■ Task directions: Among the lines below, restate word for word only those from the line with "Augusto Gimenez reacts" through the line with "Author: Line: Corporate", with both end lines kept.

■ Provided records:
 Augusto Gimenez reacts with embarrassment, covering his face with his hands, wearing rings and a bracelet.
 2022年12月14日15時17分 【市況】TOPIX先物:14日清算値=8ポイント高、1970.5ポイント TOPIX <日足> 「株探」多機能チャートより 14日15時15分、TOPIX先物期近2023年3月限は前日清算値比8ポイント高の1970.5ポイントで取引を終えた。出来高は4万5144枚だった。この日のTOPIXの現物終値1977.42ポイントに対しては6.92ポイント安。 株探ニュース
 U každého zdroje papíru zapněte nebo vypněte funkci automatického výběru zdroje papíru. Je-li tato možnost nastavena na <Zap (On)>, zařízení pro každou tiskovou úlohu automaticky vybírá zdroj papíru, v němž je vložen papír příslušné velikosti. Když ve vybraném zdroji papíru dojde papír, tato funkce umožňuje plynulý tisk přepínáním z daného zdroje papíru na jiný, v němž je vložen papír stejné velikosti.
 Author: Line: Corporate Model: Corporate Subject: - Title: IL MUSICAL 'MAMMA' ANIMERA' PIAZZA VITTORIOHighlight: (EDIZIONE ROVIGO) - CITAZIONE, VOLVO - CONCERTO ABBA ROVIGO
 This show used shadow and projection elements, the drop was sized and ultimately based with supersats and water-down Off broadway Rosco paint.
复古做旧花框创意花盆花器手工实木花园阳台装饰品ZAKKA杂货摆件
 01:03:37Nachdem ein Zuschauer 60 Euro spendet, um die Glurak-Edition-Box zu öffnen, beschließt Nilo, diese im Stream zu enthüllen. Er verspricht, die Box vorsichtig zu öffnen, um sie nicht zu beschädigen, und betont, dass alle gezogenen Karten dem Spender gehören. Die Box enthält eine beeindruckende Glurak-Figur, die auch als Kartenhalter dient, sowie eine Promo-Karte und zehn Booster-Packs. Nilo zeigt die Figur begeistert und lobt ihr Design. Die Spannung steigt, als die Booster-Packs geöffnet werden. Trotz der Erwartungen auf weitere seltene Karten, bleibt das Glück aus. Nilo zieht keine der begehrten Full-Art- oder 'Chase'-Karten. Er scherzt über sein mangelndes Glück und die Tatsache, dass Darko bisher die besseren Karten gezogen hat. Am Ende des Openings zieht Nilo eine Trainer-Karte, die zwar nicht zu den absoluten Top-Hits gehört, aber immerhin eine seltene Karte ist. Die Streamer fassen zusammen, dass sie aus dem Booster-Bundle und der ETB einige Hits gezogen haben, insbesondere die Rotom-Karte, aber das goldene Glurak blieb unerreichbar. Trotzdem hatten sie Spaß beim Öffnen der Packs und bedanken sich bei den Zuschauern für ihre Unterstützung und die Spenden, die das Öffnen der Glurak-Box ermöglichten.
* * *
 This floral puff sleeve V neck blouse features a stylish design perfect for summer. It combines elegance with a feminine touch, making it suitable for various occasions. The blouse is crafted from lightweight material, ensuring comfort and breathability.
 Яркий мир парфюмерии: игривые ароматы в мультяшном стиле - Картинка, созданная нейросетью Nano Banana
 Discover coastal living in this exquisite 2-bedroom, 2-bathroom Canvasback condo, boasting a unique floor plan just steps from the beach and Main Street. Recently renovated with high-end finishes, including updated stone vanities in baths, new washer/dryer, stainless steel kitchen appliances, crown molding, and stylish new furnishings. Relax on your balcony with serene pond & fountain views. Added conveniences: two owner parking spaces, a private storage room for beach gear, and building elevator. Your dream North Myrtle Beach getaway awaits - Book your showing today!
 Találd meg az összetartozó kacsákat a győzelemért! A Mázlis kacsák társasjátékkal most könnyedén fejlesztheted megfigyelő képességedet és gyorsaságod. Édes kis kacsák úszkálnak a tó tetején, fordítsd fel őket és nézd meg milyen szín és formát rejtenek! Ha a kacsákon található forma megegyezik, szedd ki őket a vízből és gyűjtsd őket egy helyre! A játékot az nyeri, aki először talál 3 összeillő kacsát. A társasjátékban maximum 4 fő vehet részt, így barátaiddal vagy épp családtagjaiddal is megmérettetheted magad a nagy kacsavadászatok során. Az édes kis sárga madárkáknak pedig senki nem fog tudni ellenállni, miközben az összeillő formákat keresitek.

■ Answer section:
 Augusto Gimenez reacts with embarrassment, covering his face with his hands, wearing rings and a bracelet.
 2022年12月14日15時17分 【市況】TOPIX先物:14日清算値=8ポイント高、1970.5ポイント TOPIX <日足> 「株探」多機能チャートより 14日15時15分、TOPIX先物期近2023年3月限は前日清算値比8ポイント高の1970.5ポイントで取引を終えた。出来高は4万5144枚だった。この日のTOPIXの現物終値1977.42ポイントに対しては6.92ポイント安。 株探ニュース
 U každého zdroje papíru zapněte nebo vypněte funkci automatického výběru zdroje papíru. Je-li tato možnost nastavena na <Zap (On)>, zařízení pro každou tiskovou úlohu automaticky vybírá zdroj papíru, v němž je vložen papír příslušné velikosti. Když ve vybraném zdroji papíru dojde papír, tato funkce umožňuje plynulý tisk přepínáním z daného zdroje papíru na jiný, v němž je vložen papír stejné velikosti.
 Author: Line: Corporate Model: Corporate Subject: - Title: IL MUSICAL 'MAMMA' ANIMERA' PIAZZA VITTORIOHighlight: (EDIZIONE ROVIGO) - CITAZIONE, VOLVO - CONCERTO ABBA ROVIGO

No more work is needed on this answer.